Getting up at 2am to do the research was also a challenge, because it threw the rest of my week out of whack. I felt like I was constantly jetlagged for weeks. That being said, I wouldn’t have changed our approach. It was incredibly fun seeing how the behind-the-scenes operates, and it was crucial we be there at those times to observe the operation as it happens.

The biggest challenge though, was Covid. We began this piece of work before we’d ever heard the word “Covid”. Three months in our user testing and sprint schedule were wildly disrupted thanks to lockdown. Our testing had to be put on pause until it was safe for us to venture out in public again, and we lost access to our Colleagues on the ground as they dealt with the overnight changes in their jobs.

We were able to adjust to remote testing relatively easily, and in hindsight I think we adapted and pivoted extremely well given the circumstances. We switched up our schedules to focus on designing more upfront, then when we could we tested a backlog of ideas, designs, and features, before implementing.

During the initial Covid whirlwind, our system was also pushed to the brink, with home delivery demands skyrocketing through lockdown. I remember a few weeks where most news articles I read were about the lack of Tesco delivery slots available. I felt partially personally responsible for this, not that any of my work was resulting in the lack of delivery drivers; there was a national shortage of drivers anyways, drivers were getting sick which left shifts unfilled, and the demand for slots doubled overnight. Still, our product was going to unlock scaling opportunities for Tesco to be able to fulfil this new demand. So I felt immense pressure to push through our design process and get the new system built as quickly as possible.
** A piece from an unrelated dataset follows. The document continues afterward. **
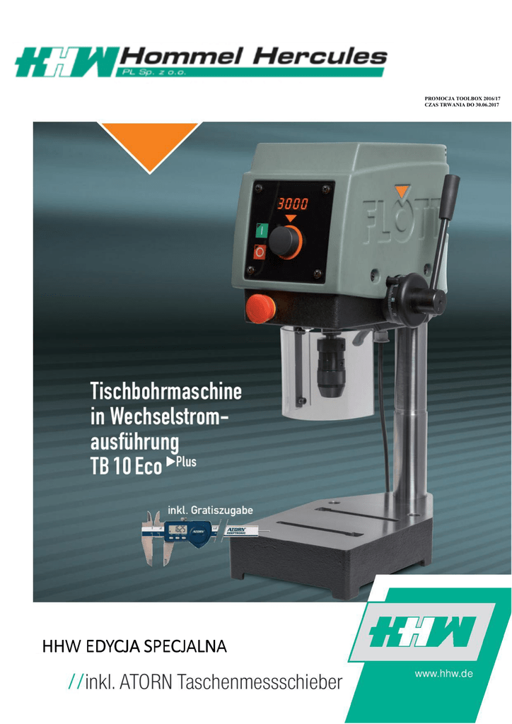 PROMOCJA TOOLBOX 2016/17 CZAS TRWANIA DO 30.06.2017 HHW EDYCJA SPECJALNA Dane Techniczne: Wrzeciono Wskazania liczby obrotów Wskazania głębokości otworu Posów Średnica stali Średnica aluminium B16 cyfrowe skala manualny 12 mm 20 mm Drewno miękkie 40 mm Głębokość wierconego otworu 50 mm Wyładunek 180 mm Średnica kolumny 50 mm Użytkowa powierzchnia robocza ( szer x dł) 300 x 200 mm Waga 30 kg Wymiary maszyny ( szer, gł, wys) 400 x 248x460 mm Regulacja wys. głowicy Wielkość rowków teowych manualna ilość 2, odstęp 100 mm szer.12 mm x 20 mm Wrzeciono/stopka 105-245 mm Prąd zmienny silnika 230 V 0,45 kW Bezstopniowa regulacja obrotu wrzeciona 250-3000 1/min Ogranicznik głębokości wiercenia szybki, nastawny pierścień zderzakowy

It was an incredibly stressful working environment, to say the least. At one point I developed a pinched nerve in my shoulder from sitting awkwardly at my make-shift home office for hours on end. But it was also incredibly rewarding. At a time when we were all going through the shock and trauma of the pandemic unfolding upon us, I felt grateful that my work was positively contributing to the general public getting their food while remaining safe. I felt privileged to have the opportunity to contribute to us getting through the pandemic in such a direct way, and I threw myself into the work completely.